Regulatory Engagement and Market Risks
These remarks were made shortly after a report from Bloomberg indicated that both ICE and CME Group had consulted with officials on Capitol Hill regarding potential risks associated with Hyperliquid’s operations, especially concerning its impact on global oil trading. Sprecher clarified that these discussions were not an attempt to single out Hyperliquid; rather, they were part of ICE’s broader initiative to ascertain whether current regulations support the introduction of similar products in the market.
“Our inquiry to regulators is straightforward: ‘Is this permissible?’ We want to understand why we might be restricted from exploring these opportunities when they are already being pursued by others. We are advocating for a fair playing field,” Sprecher explained.
Collaboration Over Competition
Rather than perceive onchain platforms as rivals, Sprecher indicated that ICE’s approach has been one of collaboration, emphasizing their efforts to understand decentralized perpetual markets while equipping crypto-native firms with knowledge about traditional derivatives markets.
“We are engaged in discussions without alarm; we’re eager to learn from these conversations,” he noted.
Market Trends and Partnerships
The interest from ICE in this sector comes amid an increase in trading volume for blockchain-based perpetual futures, which many traders prefer for their consistent access to the markets. Recently, analysts from JPMorgan observed that activity on Hyperliquid has surged, particularly from traders outside the crypto sphere who utilize its 24-hour trading capabilities to gain oil exposure beyond regular exchange hours.

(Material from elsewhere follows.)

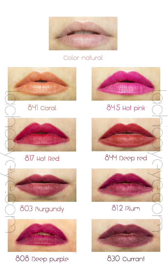 812 Plum: Mi color favorito para diario en invierno! Si algo me gusta, suelo dejar de probar y quedarme ahi… y eso me ha pasado con este color. A la que hace tiempo de chaqueta hace tiempo de labios color ciruela. Esta entre el rojo y el púrpura, oscuro y frio. Perfecto para mi pálido color de piel. La pigmentación buena, pero podría ser mejor.

Sprecher highlighted the current geopolitical tensions in the Middle East, which have spurred a heightened interest in weekend trading as significant events often unfold when traditional markets are closed. In addition, ICE is fostering partnerships with crypto firms. Just last week, ICE announced a collaboration with OKX to introduce oil perpetual contracts tied to ICE Brent Crude and WTI Crude benchmarks. Furthermore, ICE has made a significant investment in OKX, which is valued at $25 billion, and gained representation on its board of directors. ICE has also supported the prediction market platform Polymarket with a $600 million investment reported in March.
Future Regulatory Landscape
Looking to the future, Sprecher anticipates that regulators will eventually need to define how blockchain-based perpetual futures can be integrated into existing financial frameworks. Policymakers might establish new regulations specifically for perpetual futures or potentially categorize them under existing swap regulations, such as the Dodd-Frank Act in the United States and EMIR regulations in Europe.
The Hyperliquid Policy Center, a U.S. advocacy entity backing the protocol, has claimed that continuous trading enhances market efficiency, facilitating uninterrupted price discovery. Moreover, Sprecher noted that the anticipated IPO of SpaceX on June 11 could serve as a practical examination of the influence that prices discovered through onchain markets have on conventional public listings.